The problem:
Return the lines of the listing below exactly as they appear, beginning at the one with "Reloj de época" and stopping after the one with "Sugar Cane SC40401"; do not include pictures.
::: Information :::
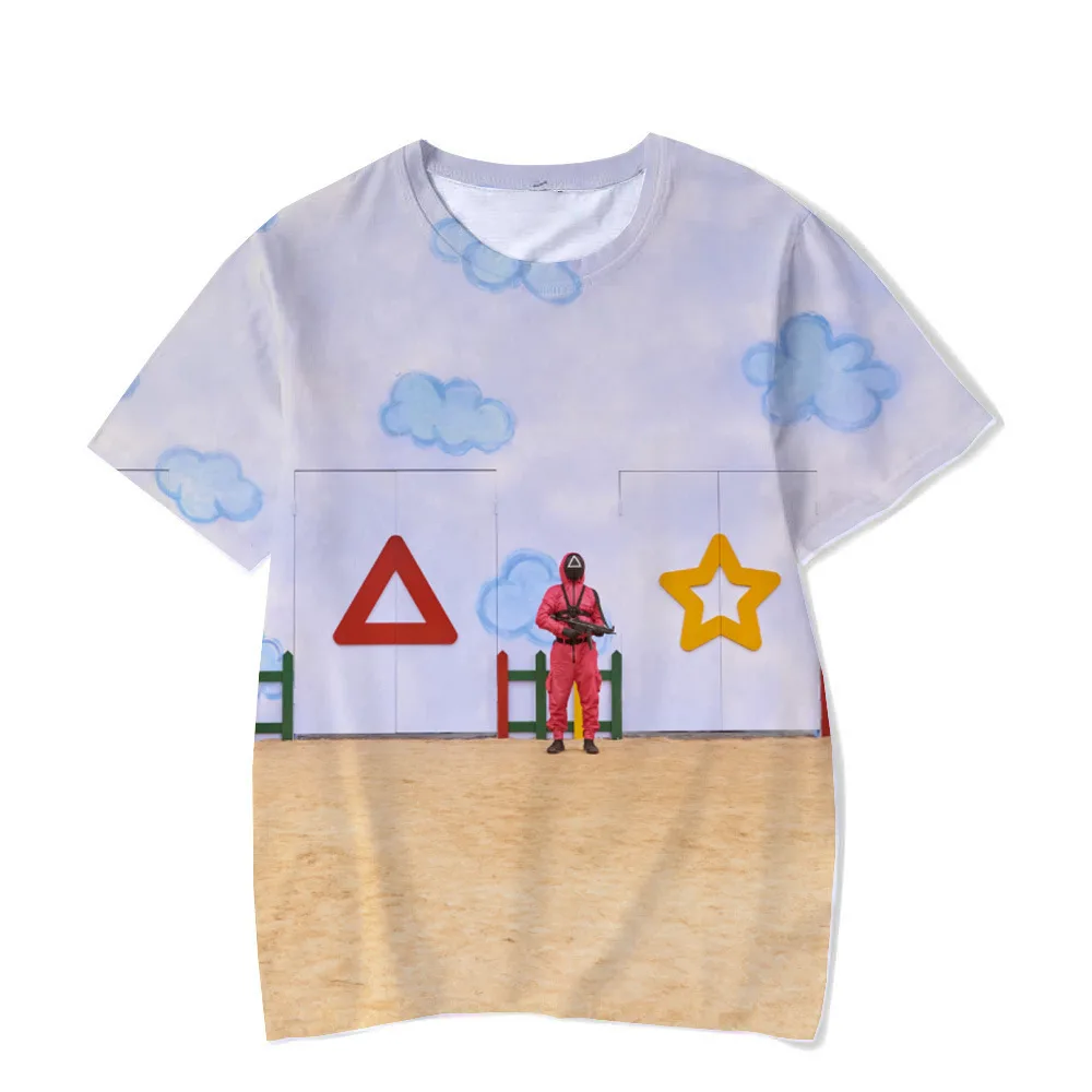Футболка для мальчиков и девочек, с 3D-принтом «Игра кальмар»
:::
::: Information :::
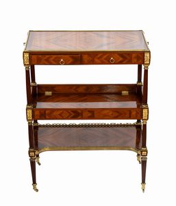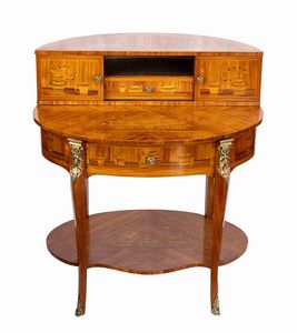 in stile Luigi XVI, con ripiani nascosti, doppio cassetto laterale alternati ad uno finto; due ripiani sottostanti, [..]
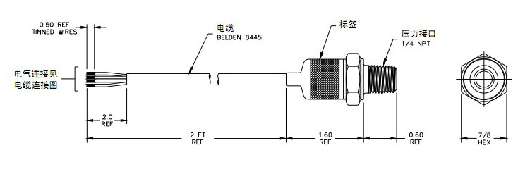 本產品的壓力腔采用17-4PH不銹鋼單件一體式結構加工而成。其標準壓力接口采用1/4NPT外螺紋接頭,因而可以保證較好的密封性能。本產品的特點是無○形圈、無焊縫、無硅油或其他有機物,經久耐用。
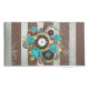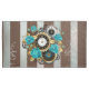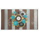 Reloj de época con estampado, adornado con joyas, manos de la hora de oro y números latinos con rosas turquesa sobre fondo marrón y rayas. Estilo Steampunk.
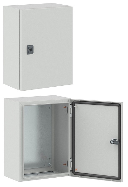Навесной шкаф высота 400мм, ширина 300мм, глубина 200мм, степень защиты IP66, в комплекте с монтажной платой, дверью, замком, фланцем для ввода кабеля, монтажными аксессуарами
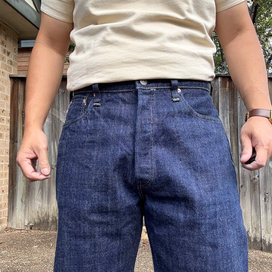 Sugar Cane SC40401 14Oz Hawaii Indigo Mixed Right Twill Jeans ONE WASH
:::
::: Information :::
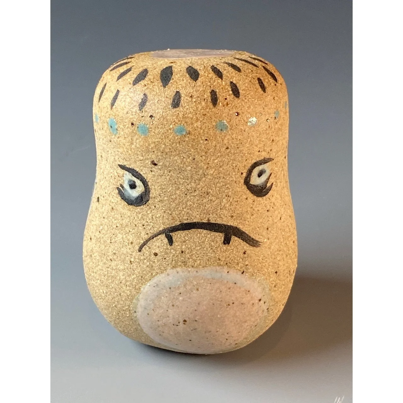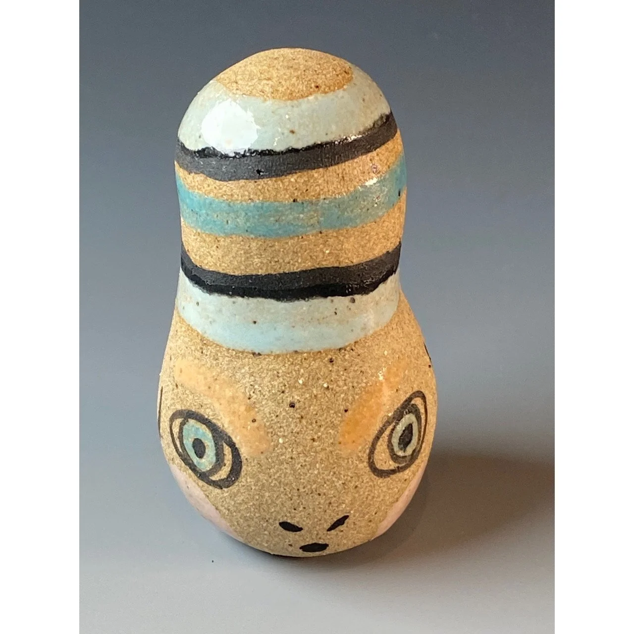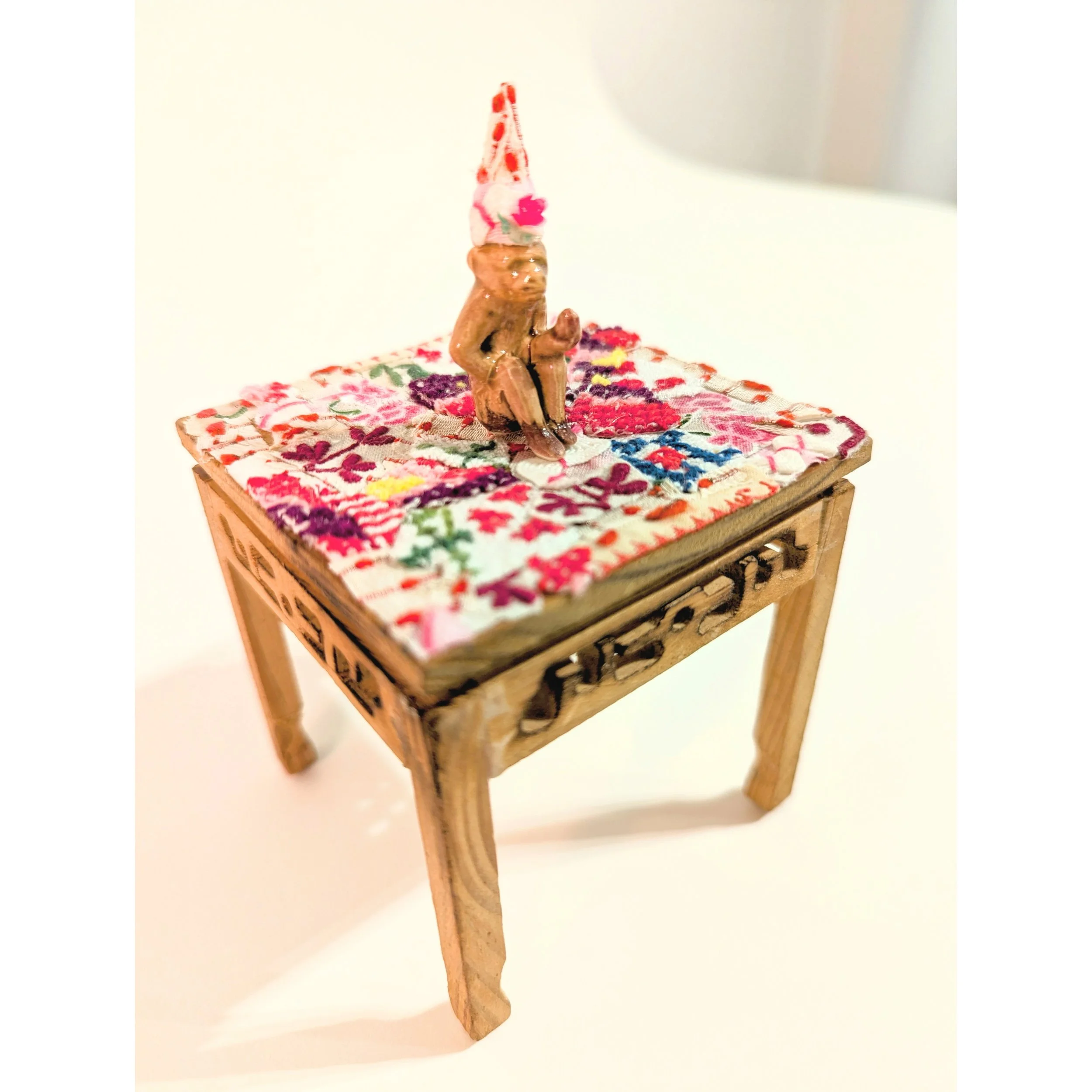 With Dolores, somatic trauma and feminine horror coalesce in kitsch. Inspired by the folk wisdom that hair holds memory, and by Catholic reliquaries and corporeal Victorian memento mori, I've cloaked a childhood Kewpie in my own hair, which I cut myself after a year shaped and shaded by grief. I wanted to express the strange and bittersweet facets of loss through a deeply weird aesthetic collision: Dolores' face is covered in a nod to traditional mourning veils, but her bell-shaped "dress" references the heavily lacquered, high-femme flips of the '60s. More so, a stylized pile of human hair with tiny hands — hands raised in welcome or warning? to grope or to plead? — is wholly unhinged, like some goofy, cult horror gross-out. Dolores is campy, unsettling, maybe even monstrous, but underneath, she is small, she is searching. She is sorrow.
:::
Response box:
 Reloj de época con estampado, adornado con joyas, manos de la hora de oro y números latinos con rosas turquesa sobre fondo marrón y rayas. Estilo Steampunk.
Навесной шкаф высота 400мм, ширина 300мм, глубина 200мм, степень защиты IP66, в комплекте с монтажной платой, дверью, замком, фланцем для ввода кабеля, монтажными аксессуарами
 Sugar Cane SC40401 14Oz Hawaii Indigo Mixed Right Twill Jeans ONE WASH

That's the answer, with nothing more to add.